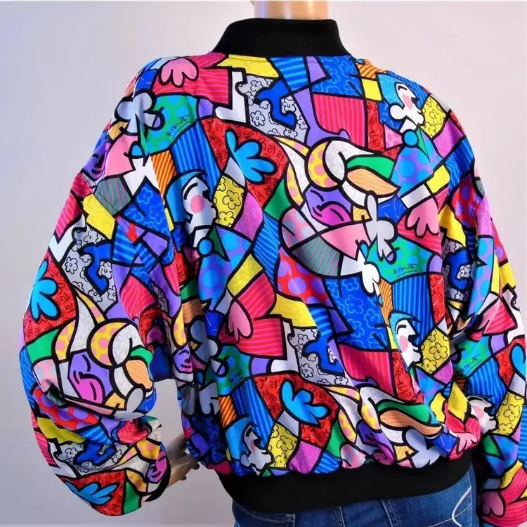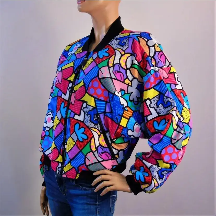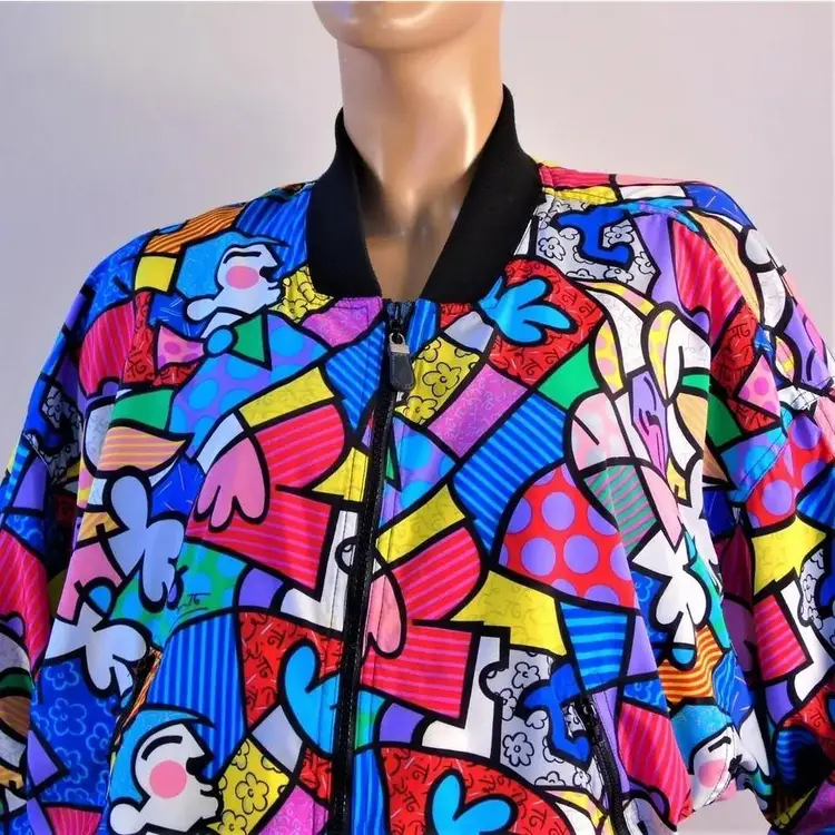 Romero Britto Satin Bomber Jacket Vintage 1990's Pop Art Jacket . Romero Britto Art Print . Knit neckband, waistband and cuffs. Full Zip Front with 2 lower zip pockets . Jersey knit lining .Tagged Size Large . 100% polyester. Assembled in Colombia for Tail. Measurements laid flat : Across Bust 26" / Shoulders 24" / Sleeve 21" / Length 23" . Pre-owned, no rips or stains , no flaws , freshly laundered. Romero Britto - founder of the Happy Art Movement has created a visual language of love, hope and happiness all its own that inspires millions worldwide. Brazilian-born and Miami-made, Britto is an international artist that uses vibrant, iconic imagery and fun patterns to reflect his optimistic view of the world around him.
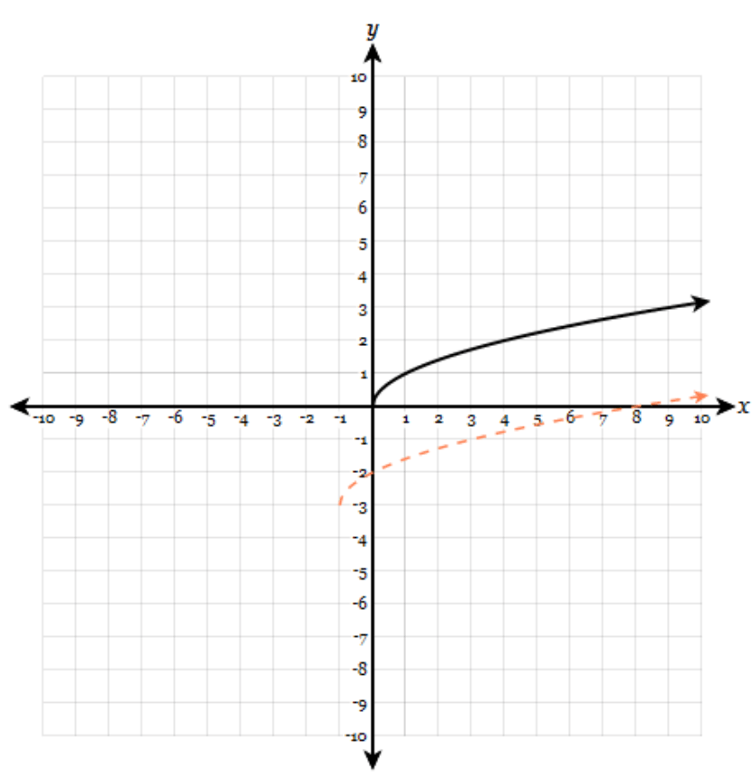 Describe the new transformation from the parent function (black) to the dotted transformation.
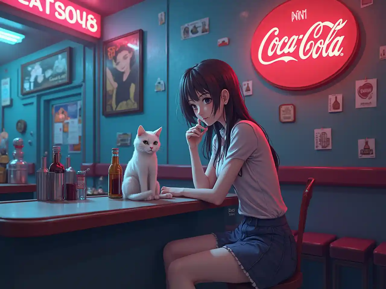 Harperretro anime style picha, mwanamke Kijapani ameketi katika bar na paka nyeupe, Coca-cola ishara juu ya ukuta, bluu na rangi ya neon taa
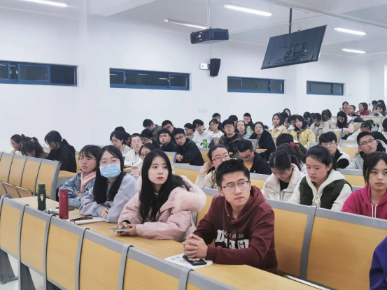 王雪晴师姐结合自身推免经历从学校选择、专业优势、参加活动、学习习惯,特别是英语学习等方面分享了个人经验,并提出“做计划”的必要性和具体方法,分享最后对同学们说:“泪水、压力和痛苦都是正常的,调整过后继续走下去,终会有收获的。”
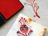 Los timbres fabricados con linóleo se pueden utilizar sobre diversos materiales. Se elaboran de la misma forma como se hace con la goma de borrar, aunque es necesario cargar mucho más las herramientas, por su mayor dureza. Carolina recomienda partir tallando motivos simples, para evitar cortes. Al momento de comenzar a calar el linóleo, conviene afirmar el material sobre una base pequeña de trupán, ya que así resultará más fácil trabajar. Aunque no es indispensable, este mismo trozo de madera servirá después para sostener el timbre al momento de estampar, ya que resultará más fácil y cómodo.
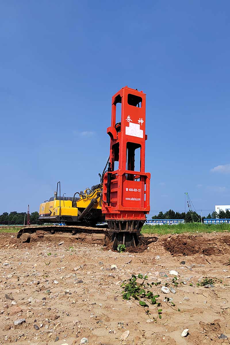 多功能液壓振動夯,又稱振動錘、挖掘機打樁機、挖掘機改裝打樁機等。挖掘機改裝多功能液壓振動夯可打6米、9米、12米、15米、18米長的鋼板樁,以及10米以內的水泥預制樁。多功能液壓振動夯主要由輔助臂、旋轉連接支架、主機箱、夾具、管道五部分組成。挖掘機多功能液壓振動夯源于挖掘機液壓系統液壓,通過專利技術安裝變頻液壓管道。它可以導出主動力,加速流量。
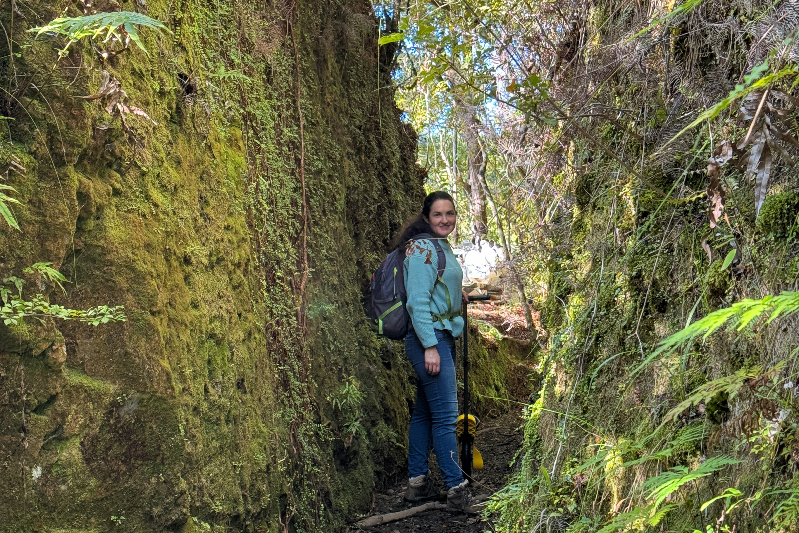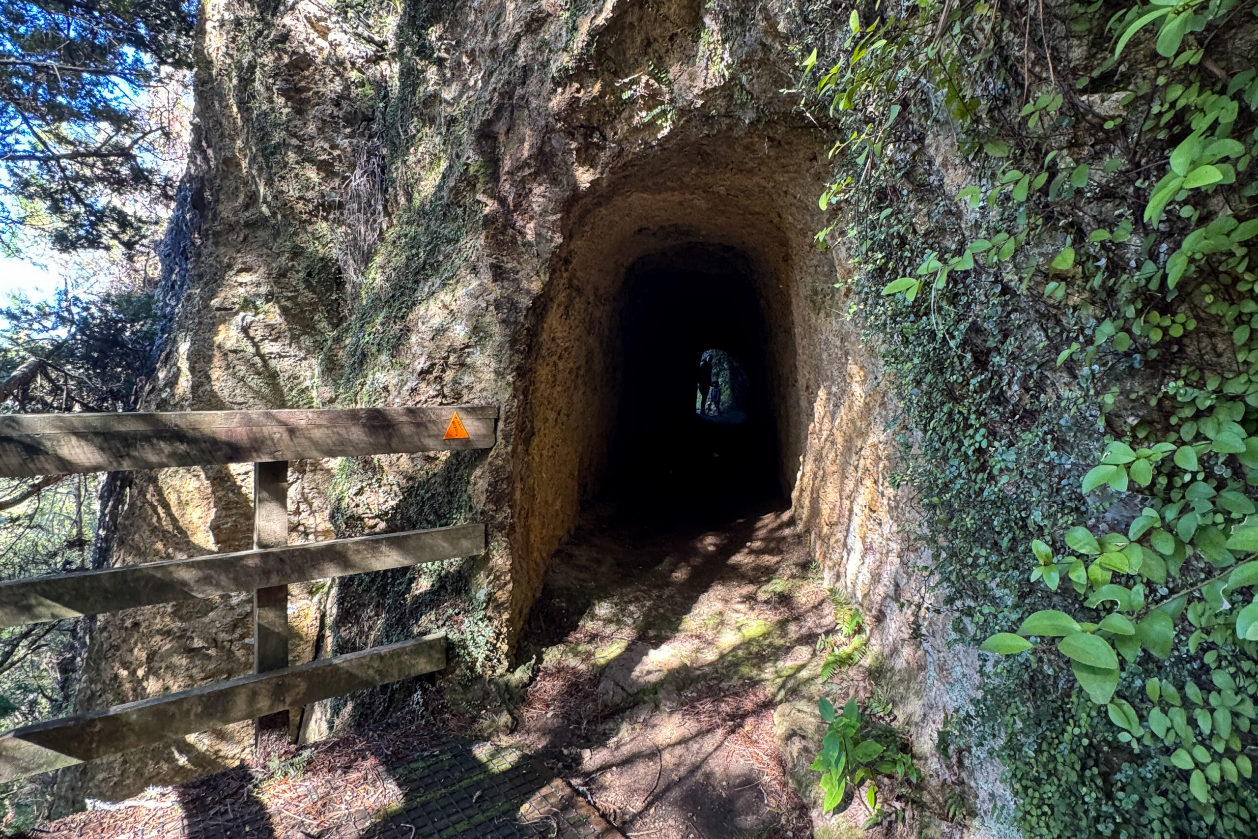 On the way back, we headed uphill along the Main Range Track, which includes some steps and gradually opens up to nice views of the river below. We then turned off onto the Water Race Track, a short but impressive section that cuts into the hillside. In places, the track is carved deeply into the terrain and passes through several narrow, dark tunnels.
==========
**What to work on**
The line holding "Harperretro anime style" starts the copy and the line holding "王雪晴师姐结合自身推免经历从" ends it. Repeat those two lines above and all between them exactly, leaving out pictures.

**Your solution**
 Harperretro anime style picha, mwanamke Kijapani ameketi katika bar na paka nyeupe, Coca-cola ishara juu ya ukuta, bluu na rangi ya neon taa
 王雪晴师姐结合自身推免经历从学校选择、专业优势、参加活动、学习习惯,特别是英语学习等方面分享了个人经验,并提出“做计划”的必要性和具体方法,分享最后对同学们说:“泪水、压力和痛苦都是正常的,调整过后继续走下去,终会有收获的。”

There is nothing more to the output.